What is being measured

examples/bench_async_vs_sync.py runs the same workload (write N files, then read them back) using two implementations:

  • sync: os.open + os.write + os.read in a sequential loop — one syscall per operation
  • pyuring: UringCtx + BufferPool with io_uring submission batching — multiple operations queued before entering the kernel

Both implementations operate on the same files and the same total data size. The benchmark measures wall-clock time for the write phase plus the read phase combined.

Results

The table below shows how much faster the pyuring implementation is compared to the sync implementation. Numbers are the mean of 3 runs, 8 files × 2 MiB each, with --no-odirect (page cache enabled), in Docker on the listed base images.

Environment pyuring vs sync os read/write
Ubuntu 22.04 1.25× faster
Debian 12 1.29× faster
Fedora 40 1.24× faster

The exact speedup depends on CPU, storage device, kernel version, and queue depth. To get numbers for your own hardware, run the benchmark yourself (see below). Using --no-odirect removes storage latency from the picture and isolates the syscall and buffer management overhead difference between the two implementations.

Running the benchmark

# Reproduce the numbers from the table above
python3 examples/bench_async_vs_sync.py --num-files 8 --file-size-mb 2 --no-odirect --repeats 3

# Larger workload with O_DIRECT (bypasses page cache, hits storage)
python3 examples/bench_async_vs_sync.py --num-files 50 --file-size-mb 20 --qd 64

# Adjust queue depth
python3 examples/bench_async_vs_sync.py --num-files 100 --file-size-mb 10 --qd 32 --repeats 3

All options

Option Default Description
--num-files N 100 Number of files to write and read back.
--file-size-mb N 10 Size of each file in MiB.
--qd N 32 io_uring queue depth for the pyuring path.
--repeats N 1 Number of full runs to average. Use 3 or more for stable results.
--no-odirect Disable O_DIRECT so I/O goes through the page cache. Useful for isolating syscall overhead.
--clear-cache Drop the page cache before each run (sudo required). Use this with O_DIRECT to avoid warm-cache effects.
--keep-files Do not delete test files after the run. Useful for inspecting results.

Measuring syscall counts

examples/bench_syscalls.py and examples/compare_syscalls.sh let you compare how many syscalls each implementation issues for the same workload.

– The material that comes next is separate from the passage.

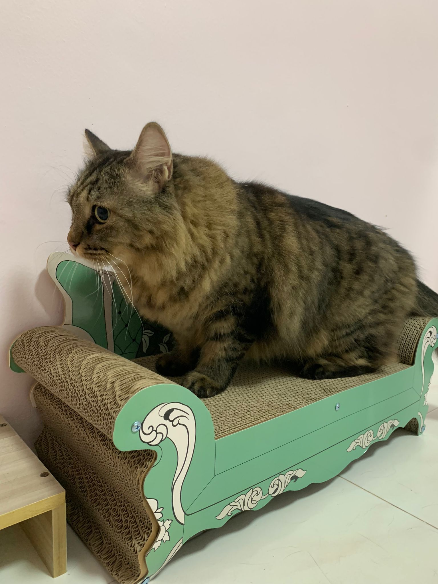 4pm: serve tuna w chicken, he got eat but not as fast as rumi. Got scratch the sofa also. left one carrier box in room for him – he needs the hideout more than rumi.
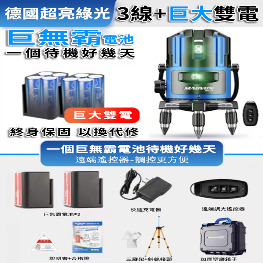 4分鐘前熱銷破萬件!戶外清晰可見【德國MAOVON】歐司朗綠光2/3/5線鐳射儀 - 【3線】巨大雙電+三腳架 +遙控 NT$3250

# Automated comparison: runs both modes and prints syscall counts side by side
./examples/compare_syscalls.sh 100 10 32
# Arguments: num_files file_size_mb queue_depth

# Manual measurement with strace
strace -c -f python3 examples/bench_syscalls.py --mode sync  --num-files 100 --file-size-mb 10
strace -c -f python3 examples/bench_syscalls.py --mode async --num-files 100 --file-size-mb 10 --qd 32

The sync path issues one read(2) or write(2) syscall per block. The io_uring path issues one io_uring_enter(2) per batch, which is the source of the syscall reduction.